Juro que sólo le he visto dos veces en mi vida. La última vez que estrechamos nuestras manos fue el viernes 12 de enero de 2007, alrededor de las nueve y cuarto de la noche, después de un recital que ofreció en el Antiguo Instituto de Gijón (Asturias, España). Conste que guardo un recuerdo sustancial de su voz y de su poesía: independiente, clara, diferente a los epígonos de epígonos.

La primera vez que nos vimos fue en la FNAC. Lo recuerdo bien. La editorial Suma de Letras se había puesto en contacto conmigo durante el verano de 2002 y me pidió que presentara, junto a otro escritor, Jesús del Campo, la novela Amor sin decir Amalia de la periodista del diario El Mundo, Elena Pita. Una tarde de octubre, después de una ligera comida regada con caldos reservas de Rioja —todavía recuerdo el olor y el gusto de aquellos tragos—, fuimos la representante de la editorial, la autora y yo hasta la pequeña sala de la FNAC. Allí estaba Jesús del Campo acompañado por un amigo. La presentación no llegó a celebrarse: no había nadie. ¿Les suena?

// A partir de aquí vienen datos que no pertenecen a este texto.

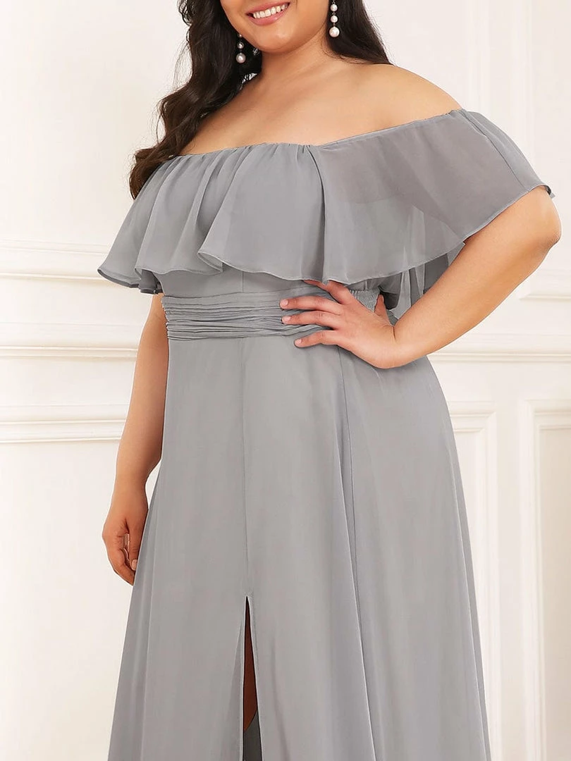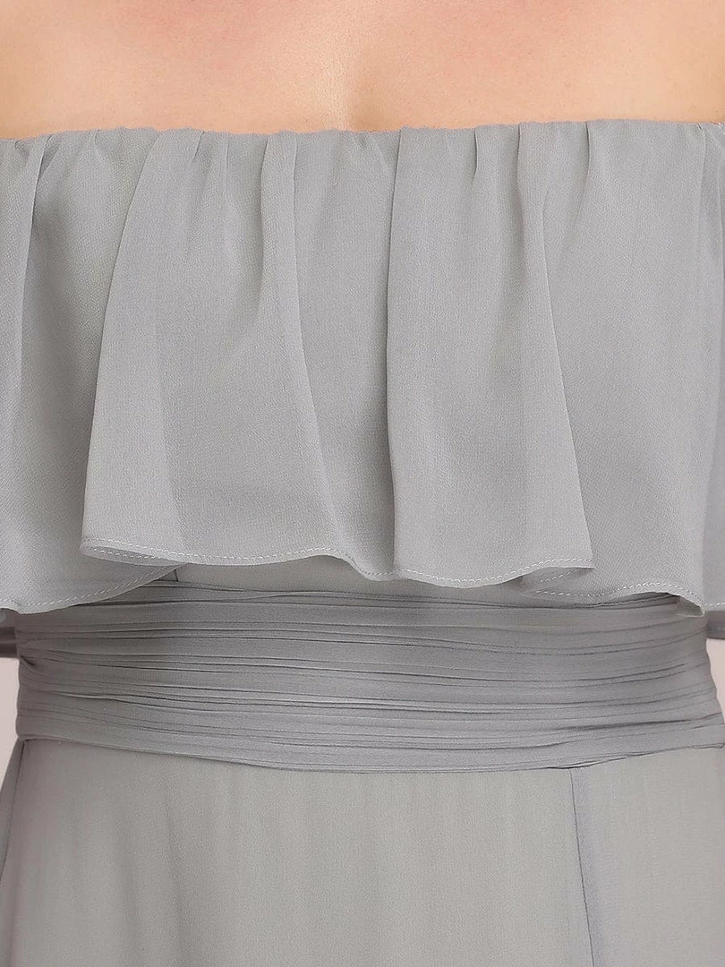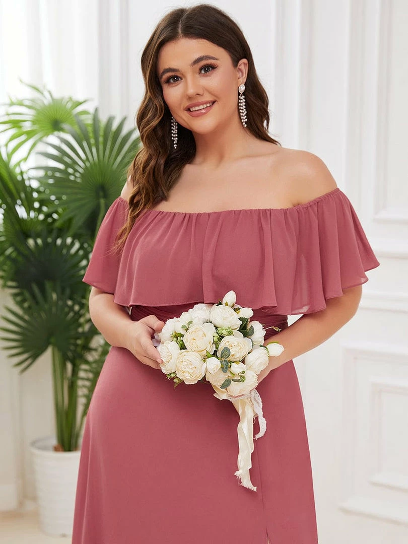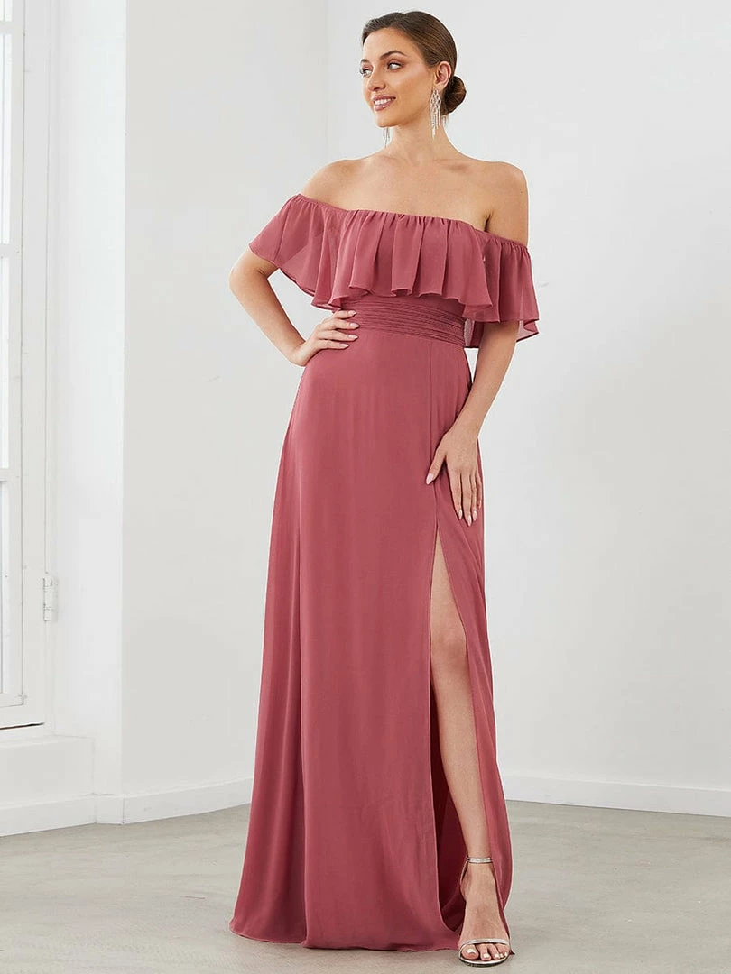This romantic long flowy bridesmaid dress features a flowy off-shoulder neckline and floor-length skirt with a thigh-high slit. We think it’s perfect to wear this off the shoulder bridesmaid dress at any wedding, evening, party, cocktail, prom, homecoming, graduation or as a holiday vacation dress.

BlancanievesEnseguida, Jesús me pareció una persona con la que me iría a tomarme unas cañas sin pensármelo ni un segundo: era cáustico y afable, melancólico como un andaluz de costa y cercano como un gijonés cuando su equipo de fútbol gana. Pero si les digo la verdad, no tengo ni idea de cómo se las gasta. Ya digo, sólo dos veces en mi vida. Y así espero que suceda. Porque de este modo continuaré disfrutando de su estilo literario: poderosamente intrincado, no apto para todos los lectores. Me encanta que no todo en el arte tenga que ser mayoritario. No me digan que no es seductora esta endivia: no verle, no conocerle, no saber de él, pero al fin, leerle. ¡Magnífico!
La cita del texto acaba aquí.